#### RAW DATA ####

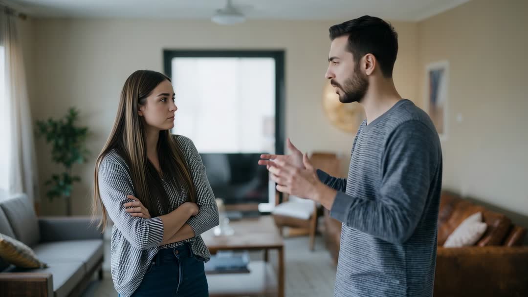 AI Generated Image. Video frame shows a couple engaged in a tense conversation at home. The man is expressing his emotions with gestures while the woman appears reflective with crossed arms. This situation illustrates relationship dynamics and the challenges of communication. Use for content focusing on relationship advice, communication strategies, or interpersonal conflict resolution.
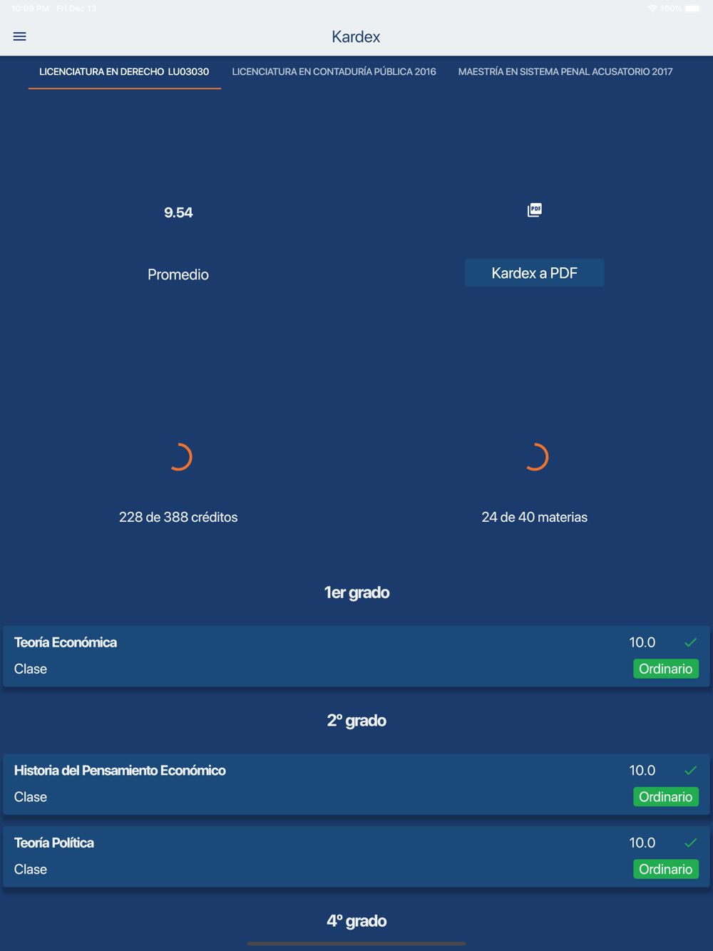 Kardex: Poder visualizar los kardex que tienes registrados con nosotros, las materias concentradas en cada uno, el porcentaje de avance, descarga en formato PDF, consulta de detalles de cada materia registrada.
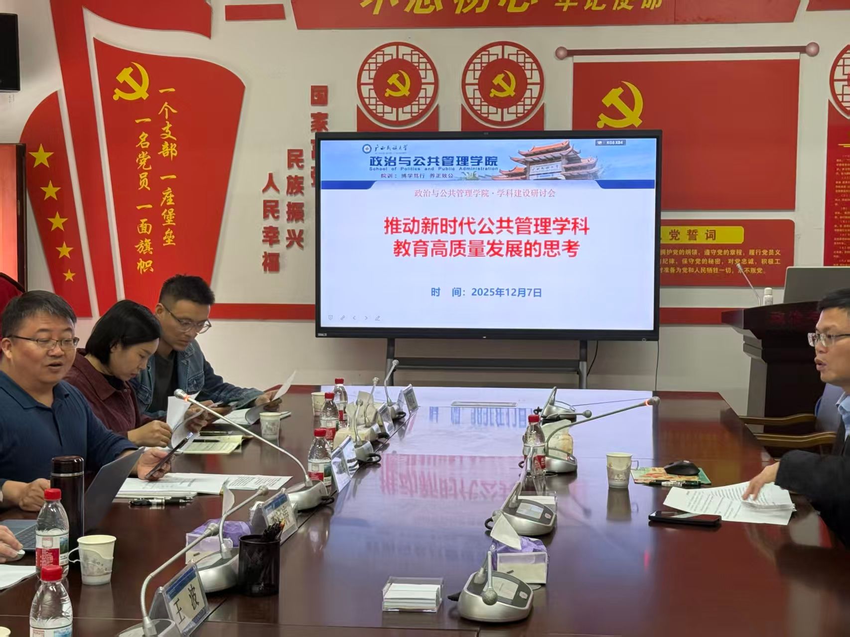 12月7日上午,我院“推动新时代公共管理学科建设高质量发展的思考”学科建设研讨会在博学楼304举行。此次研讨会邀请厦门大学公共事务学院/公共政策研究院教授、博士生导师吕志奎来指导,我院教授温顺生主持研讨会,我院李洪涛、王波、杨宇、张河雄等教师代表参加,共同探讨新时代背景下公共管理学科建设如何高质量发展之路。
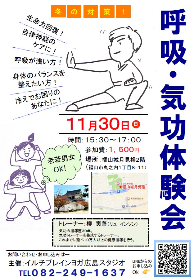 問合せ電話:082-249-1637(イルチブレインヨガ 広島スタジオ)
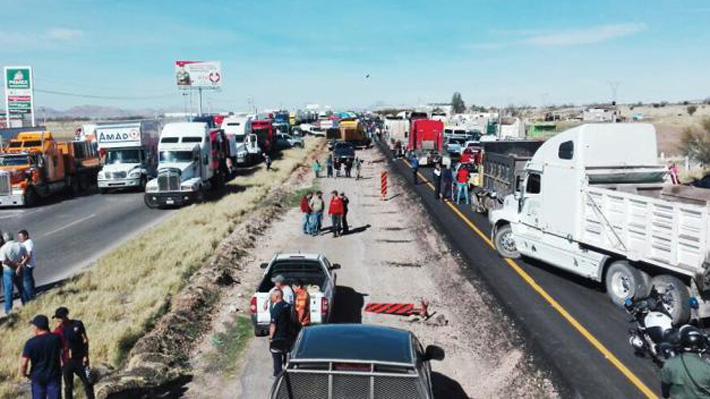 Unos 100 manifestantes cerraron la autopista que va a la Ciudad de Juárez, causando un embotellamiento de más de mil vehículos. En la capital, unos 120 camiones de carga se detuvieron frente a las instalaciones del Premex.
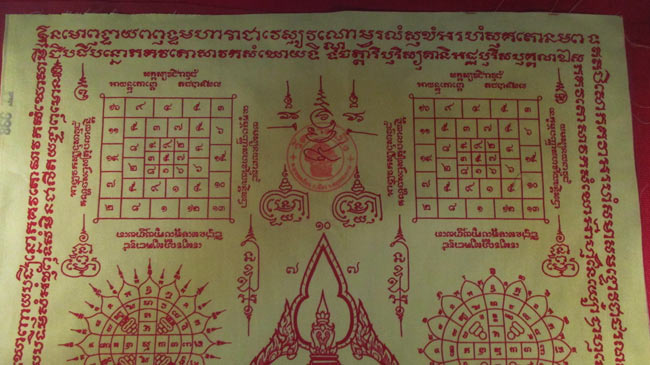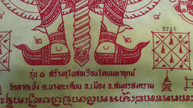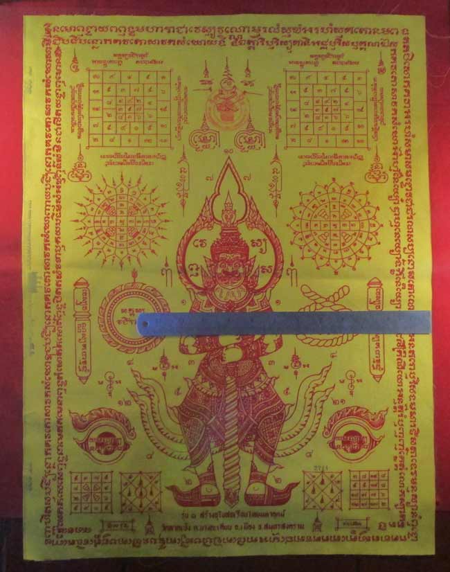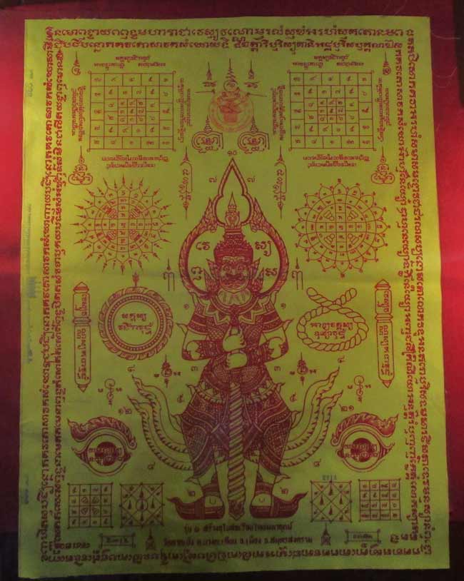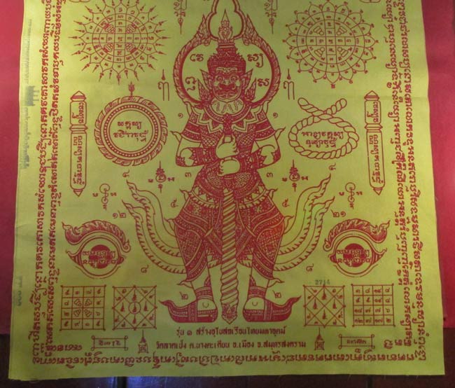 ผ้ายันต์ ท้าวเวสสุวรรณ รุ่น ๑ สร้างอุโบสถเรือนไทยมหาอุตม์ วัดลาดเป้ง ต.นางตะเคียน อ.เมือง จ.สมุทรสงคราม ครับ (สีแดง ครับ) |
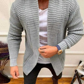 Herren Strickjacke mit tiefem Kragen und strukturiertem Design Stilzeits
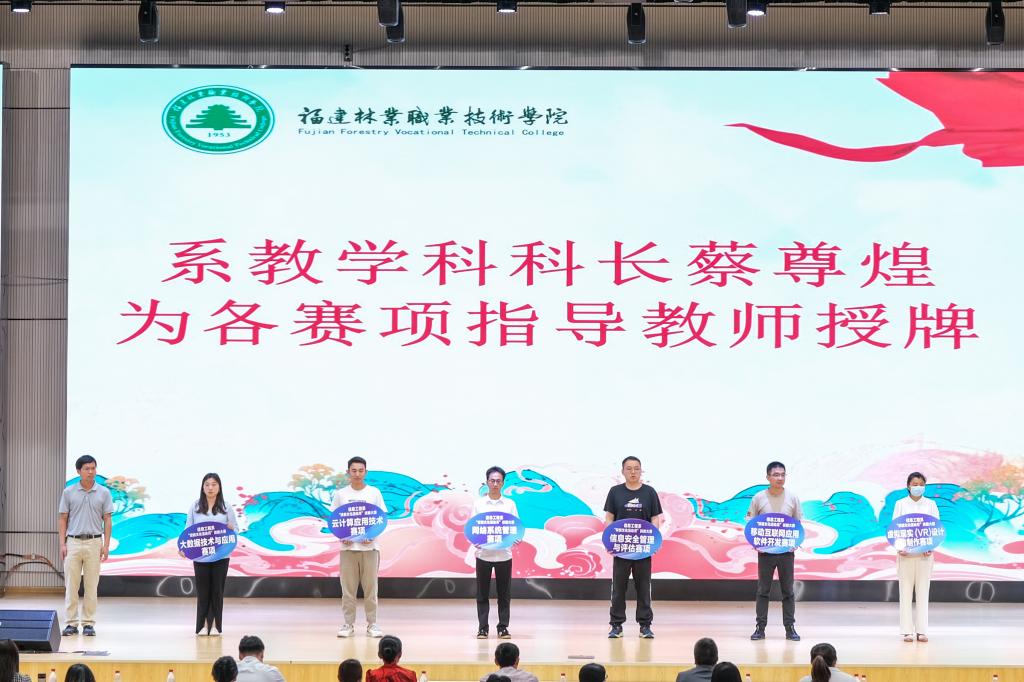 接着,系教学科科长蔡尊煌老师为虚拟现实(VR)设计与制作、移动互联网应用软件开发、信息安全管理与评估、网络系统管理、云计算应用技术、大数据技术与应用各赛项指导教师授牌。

####

-- EXERCISE PROMPT --
Would you please repeat all the data word for word, but without the pictures?

-- ANSWER SECTION --
 AI Generated Image. Video frame shows a couple engaged in a tense conversation at home. The man is expressing his emotions with gestures while the woman appears reflective with crossed arms. This situation illustrates relationship dynamics and the challenges of communication. Use for content focusing on relationship advice, communication strategies, or interpersonal conflict resolution.
 Kardex: Poder visualizar los kardex que tienes registrados con nosotros, las materias concentradas en cada uno, el porcentaje de avance, descarga en formato PDF, consulta de detalles de cada materia registrada.
 12月7日上午,我院“推动新时代公共管理学科建设高质量发展的思考”学科建设研讨会在博学楼304举行。此次研讨会邀请厦门大学公共事务学院/公共政策研究院教授、博士生导师吕志奎来指导,我院教授温顺生主持研讨会,我院李洪涛、王波、杨宇、张河雄等教师代表参加,共同探讨新时代背景下公共管理学科建设如何高质量发展之路。
 問合せ電話:082-249-1637(イルチブレインヨガ 広島スタジオ)
 Unos 100 manifestantes cerraron la autopista que va a la Ciudad de Juárez, causando un embotellamiento de más de mil vehículos. En la capital, unos 120 camiones de carga se detuvieron frente a las instalaciones del Premex.
 ผ้ายันต์ ท้าวเวสสุวรรณ รุ่น ๑ สร้างอุโบสถเรือนไทยมหาอุตม์ วัดลาดเป้ง ต.นางตะเคียน อ.เมือง จ.สมุทรสงคราม ครับ (สีแดง ครับ) |
 Herren Strickjacke mit tiefem Kragen und strukturiertem Design Stilzeits
 接着,系教学科科长蔡尊煌老师为虚拟现实(VR)设计与制作、移动互联网应用软件开发、信息安全管理与评估、网络系统管理、云计算应用技术、大数据技术与应用各赛项指导教师授牌。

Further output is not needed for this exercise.